Hakan ise bu haberi alır almaz annesini ikna etmeye çabalamış fakat pek başarılı olamamıştı. Son çare ise babasını aramak olmuştu. Babası tamam dediği şartlarda annesi mecburen onun peşine takılıp gelecekti. Öyle de oldu. Metin Bey haberi aldıktan sonra yanında yeğeni Hediye ile birlikte Rize'den kalkıp gelmişti. Havva'nın aksine ise oğlunun gönlünün Efsun'a düşmesinden oldukça memnundu. Tanıdığımız bildiğimiz kız diyor, Havva'yı iyiden iyiye delirtiyordu.
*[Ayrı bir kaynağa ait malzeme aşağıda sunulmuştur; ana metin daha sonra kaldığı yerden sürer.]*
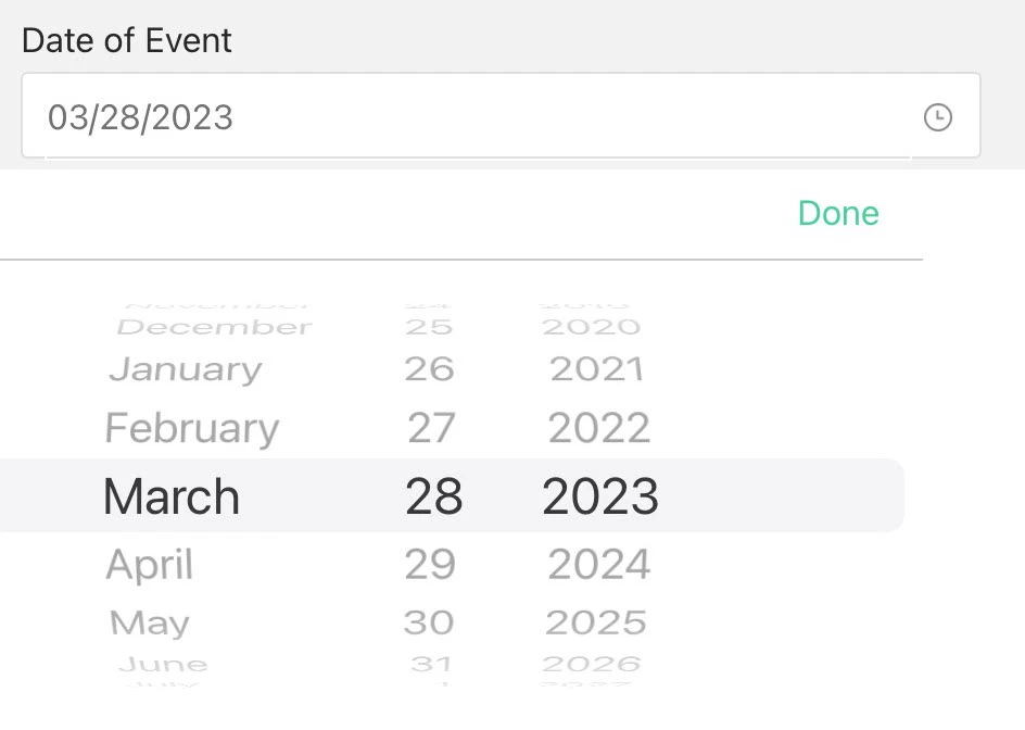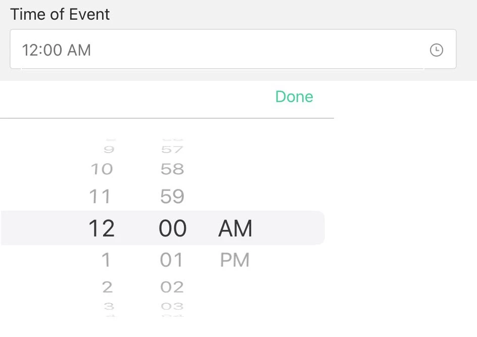 Insert a spinning picker that includes hour, minute, and am/pm.

Havva gelmesine rağmen oldukça memnuniyetsizdi durumdan. Oğlunun bacağına kendi bacağıyla vurup "Sallayıp durma şu bacağını!" dedi fısıltıyla. Oğlunun bu heyecanlı tavırları iyice sinirlerini hoplatıyordu.
Hakan ise bu anın gerçekliğine kendini hala daha ikna etmiş değildi. Şimdi onu biri uyandıracak ve bu güzel rüyanın sonuna gelecekmiş gibi hissediyordu. Bundandı gerginliği de stresi de.
Ortamsa fazlasıyla sessizdi. Bu durağanlıktan sıkılıp konuşan ise Metin oldu. "Daha daha nasılsınız Canan Hanım?" dedi adam. "Baya da oldu görüşmeyeli."
"İyi diyelim iyi olalım Metin Bey." dedi Canan kendisine sorulan ani soruya karşılık olarak. "Bir gittiniz daha da uğramadınız buralara."
Adam kadını onaylarcasına salladı başını. "Emekli olduktan sonra ne yapacağız İstanbul'da?" dedi gülerek. "Buralar insanı boğuyor. Sabah bir kuş sesi, orman kokusu insanı on yıl gençleştiriyor valla. Değil mi Havva?" derken eşini de dürtmüştü adam. Kadının asık suratlı oturması canını sıkmıştı.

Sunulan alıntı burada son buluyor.